> **WHAT THIS TASK INVOLVES**
Wherever pictures appear in the listing below, leave them out, and copy exactly, and only, everything from the line with "до 12 часов." down to the line with "La deuxième Air".

> **EXERCISE INPUT**
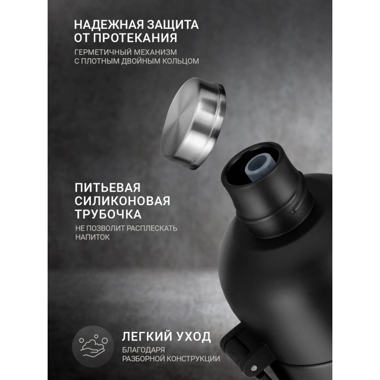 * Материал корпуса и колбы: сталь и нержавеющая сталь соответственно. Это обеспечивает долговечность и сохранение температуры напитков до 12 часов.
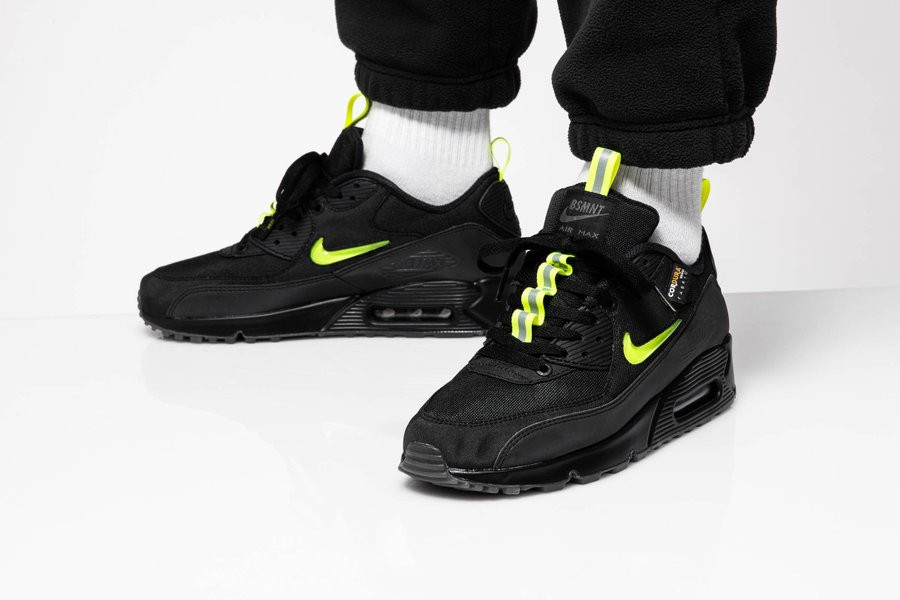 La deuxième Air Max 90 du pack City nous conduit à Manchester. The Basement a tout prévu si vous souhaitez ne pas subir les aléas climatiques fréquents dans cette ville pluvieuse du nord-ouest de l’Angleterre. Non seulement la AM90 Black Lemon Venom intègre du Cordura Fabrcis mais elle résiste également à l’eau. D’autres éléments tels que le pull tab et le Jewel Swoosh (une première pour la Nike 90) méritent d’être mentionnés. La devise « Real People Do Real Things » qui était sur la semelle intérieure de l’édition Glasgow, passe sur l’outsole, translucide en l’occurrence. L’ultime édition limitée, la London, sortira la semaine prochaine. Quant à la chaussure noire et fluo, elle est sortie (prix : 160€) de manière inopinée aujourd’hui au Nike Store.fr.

==

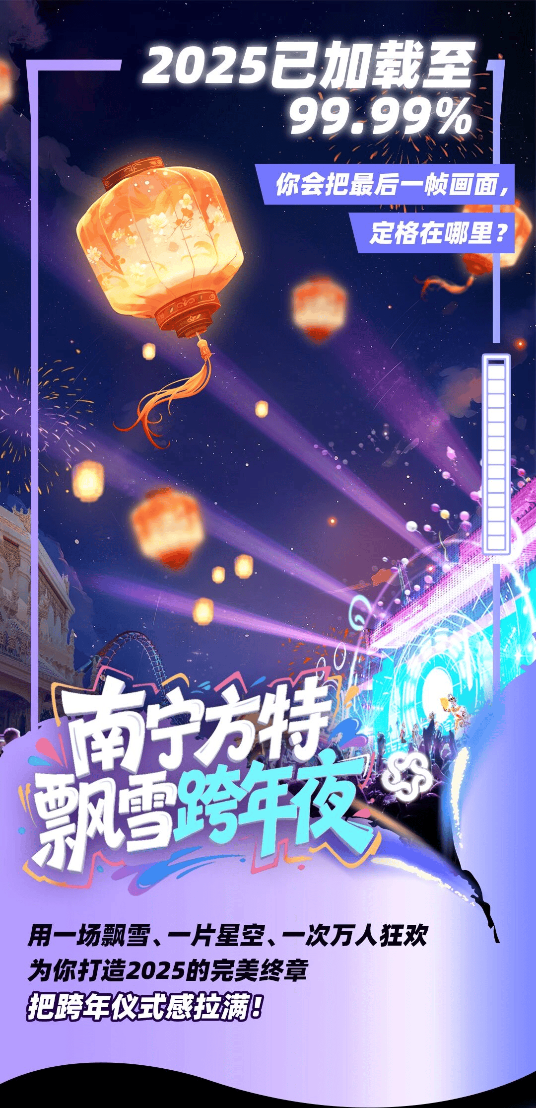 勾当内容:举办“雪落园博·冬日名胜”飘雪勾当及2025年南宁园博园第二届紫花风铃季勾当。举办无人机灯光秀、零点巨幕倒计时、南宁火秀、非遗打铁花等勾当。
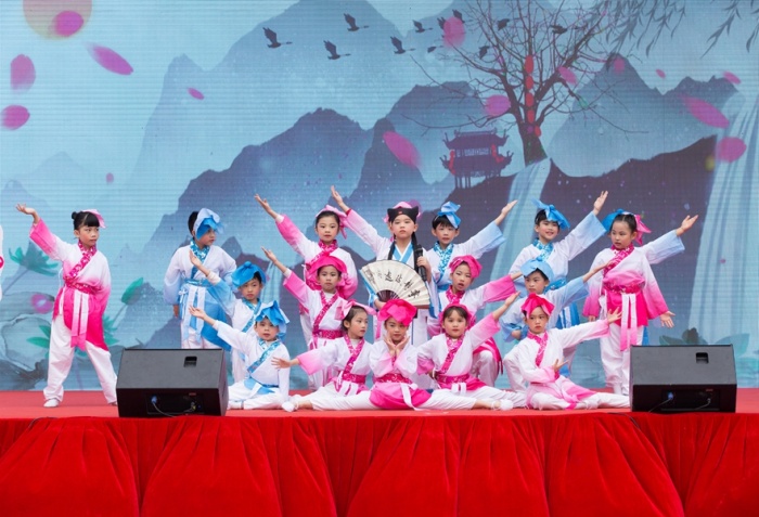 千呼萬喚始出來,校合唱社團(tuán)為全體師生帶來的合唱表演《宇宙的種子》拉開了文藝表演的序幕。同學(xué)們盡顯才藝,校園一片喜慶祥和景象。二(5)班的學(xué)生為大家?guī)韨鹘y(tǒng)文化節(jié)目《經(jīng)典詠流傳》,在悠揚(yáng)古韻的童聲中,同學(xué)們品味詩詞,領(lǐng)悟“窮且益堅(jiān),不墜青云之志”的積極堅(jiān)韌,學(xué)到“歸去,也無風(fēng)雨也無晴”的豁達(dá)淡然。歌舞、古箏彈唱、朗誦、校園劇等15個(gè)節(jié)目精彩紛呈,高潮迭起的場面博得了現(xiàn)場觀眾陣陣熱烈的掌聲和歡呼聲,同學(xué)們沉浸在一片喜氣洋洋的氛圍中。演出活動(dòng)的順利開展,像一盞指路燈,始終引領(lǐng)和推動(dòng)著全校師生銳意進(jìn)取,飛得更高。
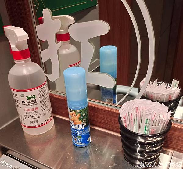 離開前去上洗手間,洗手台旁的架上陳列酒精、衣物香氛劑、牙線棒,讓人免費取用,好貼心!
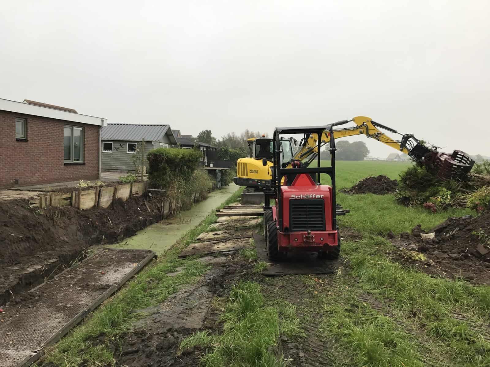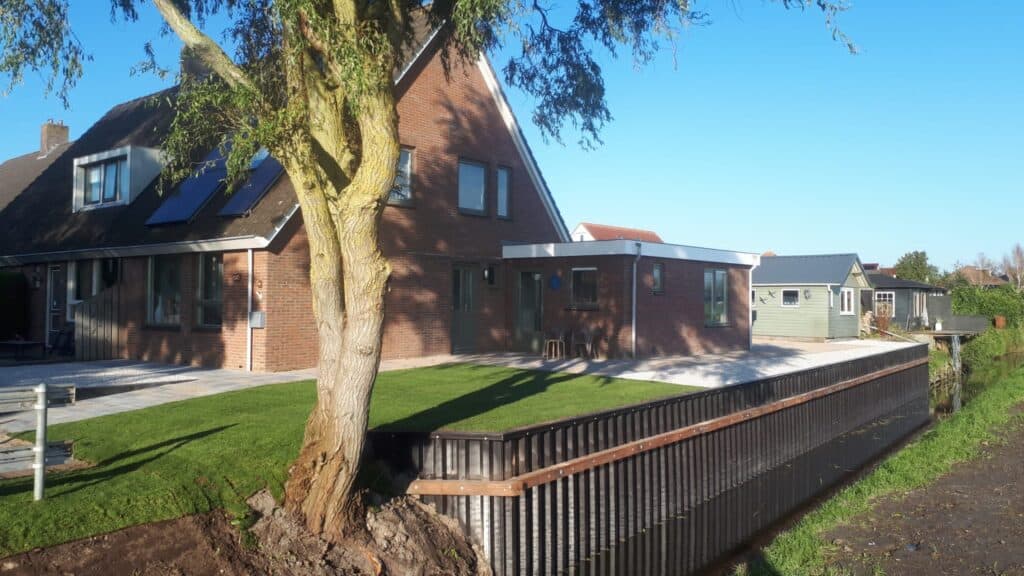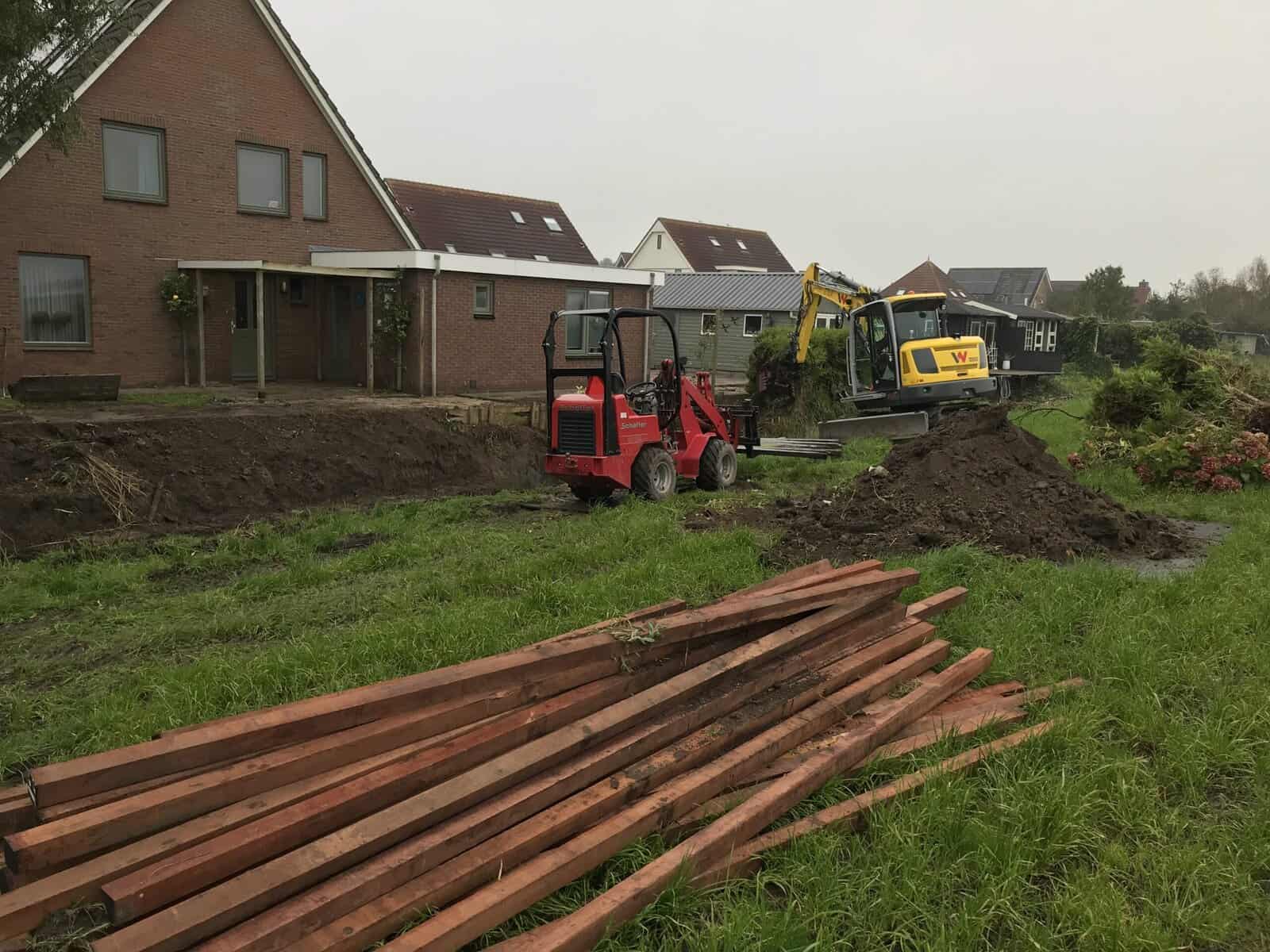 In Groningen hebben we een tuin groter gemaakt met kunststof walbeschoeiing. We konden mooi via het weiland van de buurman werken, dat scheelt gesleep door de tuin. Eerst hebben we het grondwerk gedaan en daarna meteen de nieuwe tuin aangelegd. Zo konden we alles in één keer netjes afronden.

> **SOLUTION FOR THIS PROBLEM**
 * Материал корпуса и колбы: сталь и нержавеющая сталь соответственно. Это обеспечивает долговечность и сохранение температуры напитков до 12 часов.
 La deuxième Air Max 90 du pack City nous conduit à Manchester. The Basement a tout prévu si vous souhaitez ne pas subir les aléas climatiques fréquents dans cette ville pluvieuse du nord-ouest de l’Angleterre. Non seulement la AM90 Black Lemon Venom intègre du Cordura Fabrcis mais elle résiste également à l’eau. D’autres éléments tels que le pull tab et le Jewel Swoosh (une première pour la Nike 90) méritent d’être mentionnés. La devise « Real People Do Real Things » qui était sur la semelle intérieure de l’édition Glasgow, passe sur l’outsole, translucide en l’occurrence. L’ultime édition limitée, la London, sortira la semaine prochaine. Quant à la chaussure noire et fluo, elle est sortie (prix : 160€) de manière inopinée aujourd’hui au Nike Store.fr.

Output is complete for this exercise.